A few weeks later, Sir Matthew and the local vicar are walking by the ash tree at dusk when they spy a creature in the branches that disappears before they can get a good look. As it is a warm night, the squire leaves his window open. The next day, he is found dead in his bed with a severe look of pain and terror on his face. Though a postmortem is performed, no cause of death can be found.

Sir Matthew's son, Sir Matthew II, inherits Castringham and refuses to stay in his father's bedroom. Over forty years pass and he passes away in 1735. When the family plot in the local graveyard needs to be expanded to fit his remains, Mrs. Mothersole's resting place is exhumed to make room and the coffin is found to be empty, with no body. The locals are puzzled as to who could have robbed the grave.
 
Sir Matthew II's son, Sir Richard, inherits the seat and also refuses to stay in the supposedly cursed bedroom. In 1754, however, he grows tired of the alternative chamber he chose, as it is cold and smoky. He orders his housekeeper to move his bed into the room where his grandfather died decades previously. That night, he keeps his window closed but hears something scratching on it.

The next day, he is visited by the grandson of the vicar from all those years ago, now a vicar himself. They chat about Sir Matthew's death and discover an old Bible of his, where he has written down his desire for the ash tree to be felled. Sir Richard assures the vicar a man from the village will come the next day and dispose of it. He remarks on the strange scratching noises from the window the night previously, blaming the sounds on the branches scraping the glass. The vicar says this is impossible, as the branches don't reach the window. They conclude it must have been a mouse that climbed the ivy.

That evening, several guests arrive for a weekend visit. After a night of pleasantries, everyone retires to their rooms. In the middle of the night, something climbs through Sir Richard's open window and bites him. The next morning, he is found dead in bed and the guests congregate to discover the secret of the tree. A gardener climbs a ladder and peeks into a hollow in the center, seeing something that causes him to drop his lantern in alarm and set the tree ablaze.

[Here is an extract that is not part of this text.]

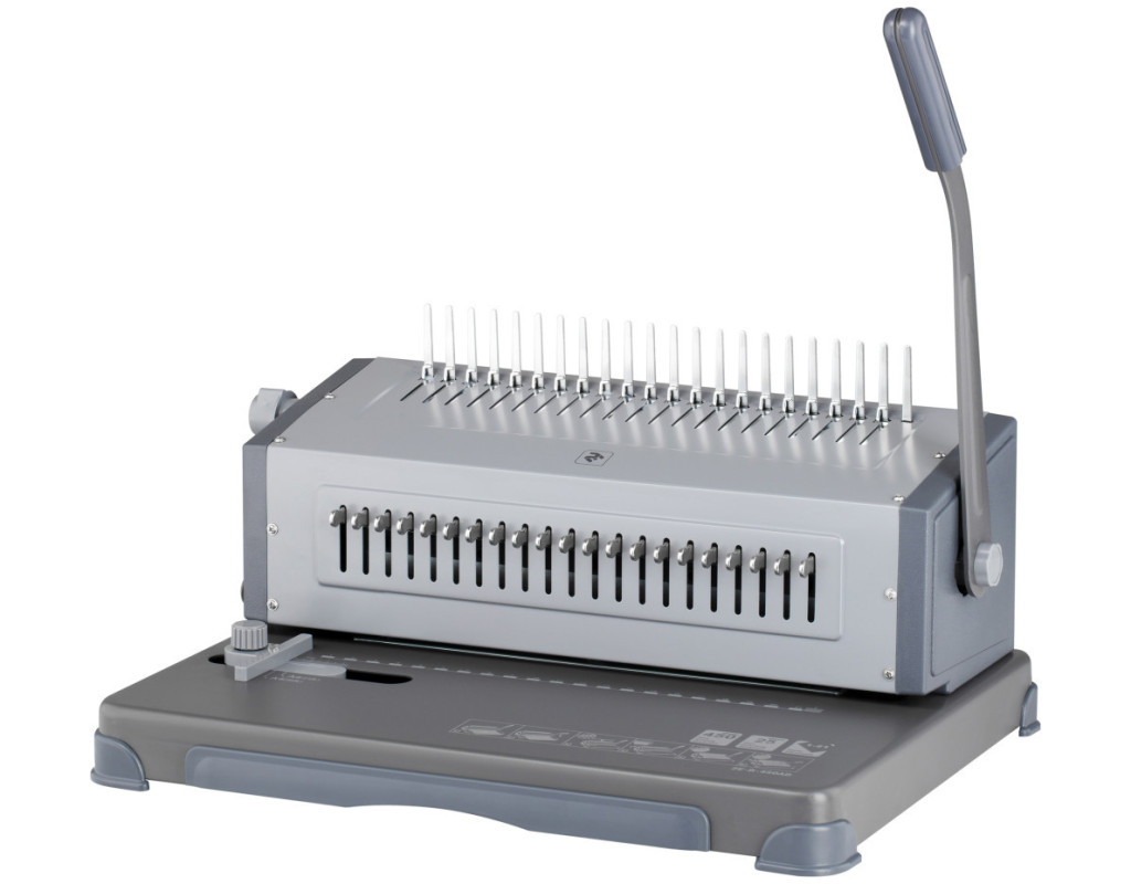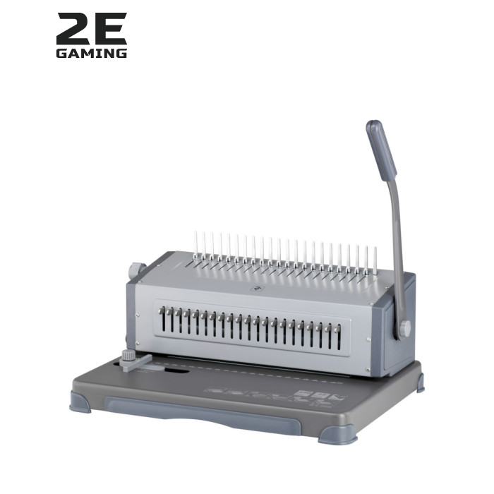 Вид переплетіння - пластикова пружина, спосіб перфорації - горизонтальна, максимальна товщина документа - 450 аркушів, 520 х 370 х 270 мм

The guests watch in horror as countless large, venomous spiders crawl out of the hollow on fire, dying on the grass. An investigation of the tree reveals a cave beneath it with a cavernous spider's nest and the withered skeleton of a woman (presumably the remains of Mrs. Mothersole), dead for at least fifty years.

Adaptations
It was adapted in 1975 by David Rudkin as "The Ash Tree", and was part of the BBC's A Ghost Story for Christmas strand. It was first broadcast on 23 December 1975 at 11.35pm. The adaptation stars Edward Petherbridge as Sir Richard and Barbara Ewing as the witch, Anne Mothersole. It was directed by Lawrence Gordon Clark.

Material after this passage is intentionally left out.